> Exercise objective: The required output is the line with "桜と雪柳とのコラボ@武庫川河川敷" plus all lines that follow it to the end of the listing below, written out exactly, with no pictures.

--*--

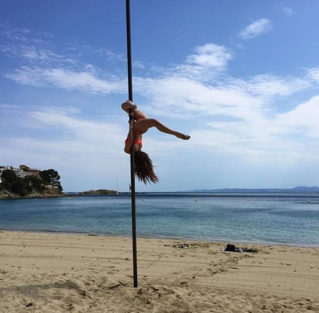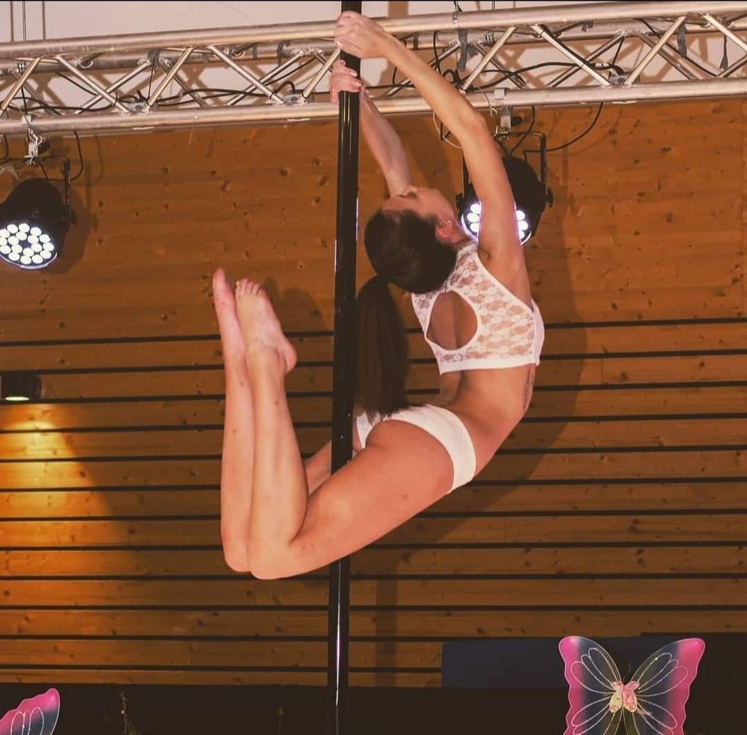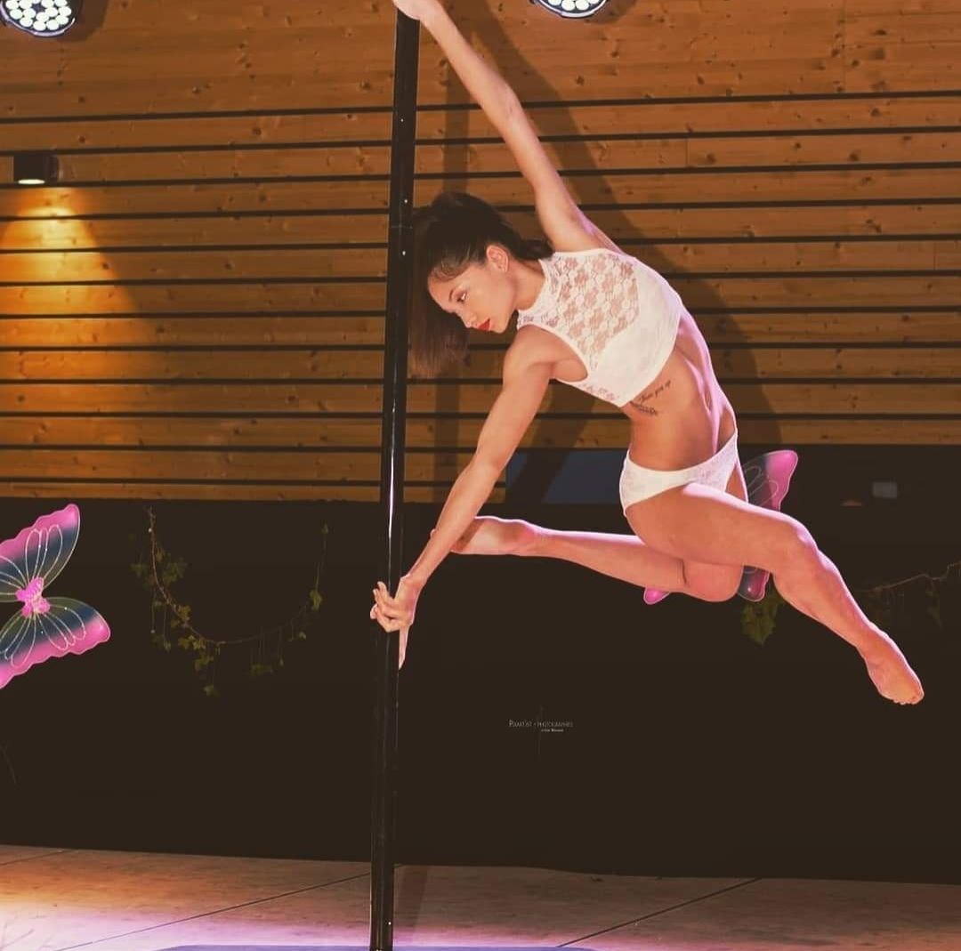 Une femme fait un grand écart sur un poteau devant une foule.
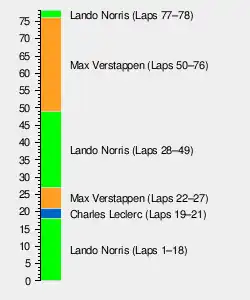 Due to the Circuit de Monaco twisty layout, lack of straights and narrow nature, there was only one overtake,[25] and zero inside the top 10,[b] with Mercedes calculating a car needed a 4.5-second pace advantage over the car in front to have even a 50–50 chance at an overtake. One of the two on-track "passes" occurred courtesy of Mercedes's George Russell's intentionally cutting the Nouvelle Chicane for which he received a drive-through penalty.[27] Several teams, including Williams, Racing Bulls, and Mercedes, gamed the new rule mandating a second pit stop by ordering one driver to hold up the rest of the field so that the other driver ahead of them could race in free air and pit without losing track position.[27][28] Max Verstappen of Red Bull Racing also attempted to take advantage of the two-stop rule by staying out on old tyres and gambling for a pit stop under safety car or red flag conditions, where he would have lost less time relative to his rivals. He took the lead after polesitter Lando Norris of McLaren took his second pit stop, but no free pit stop materialised and Verstappen was forced to pit at the end of the race, dropping him to fourth.[29]
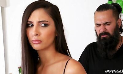 Mega buxomy babe Ella Knox gets messy facial cumshot after hot glory hole sex
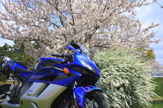 桜と雪柳とのコラボ@武庫川河川敷
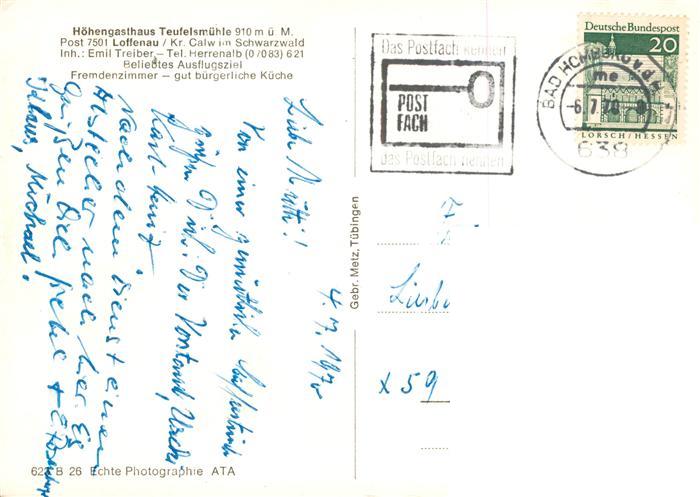 73947106 alte Postkarte Loffenau Bad Herrenalb Hoehengasthaus Teufelsmuehle Aussichtsturm Schwarzwald postalisch gelaufen Erhaltung siehe scans [FriedD77] KatCode: 11110008235033
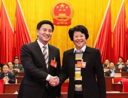 新当选的钦州市人大常委会主任肖莺子(右)与钦州市人民政府市长李新元(左)

--*--

> Expected answer:
 桜と雪柳とのコラボ@武庫川河川敷
 73947106 alte Postkarte Loffenau Bad Herrenalb Hoehengasthaus Teufelsmuehle Aussichtsturm Schwarzwald postalisch gelaufen Erhaltung siehe scans [FriedD77] KatCode: 11110008235033
 新当选的钦州市人大常委会主任肖莺子(右)与钦州市人民政府市长李新元(左)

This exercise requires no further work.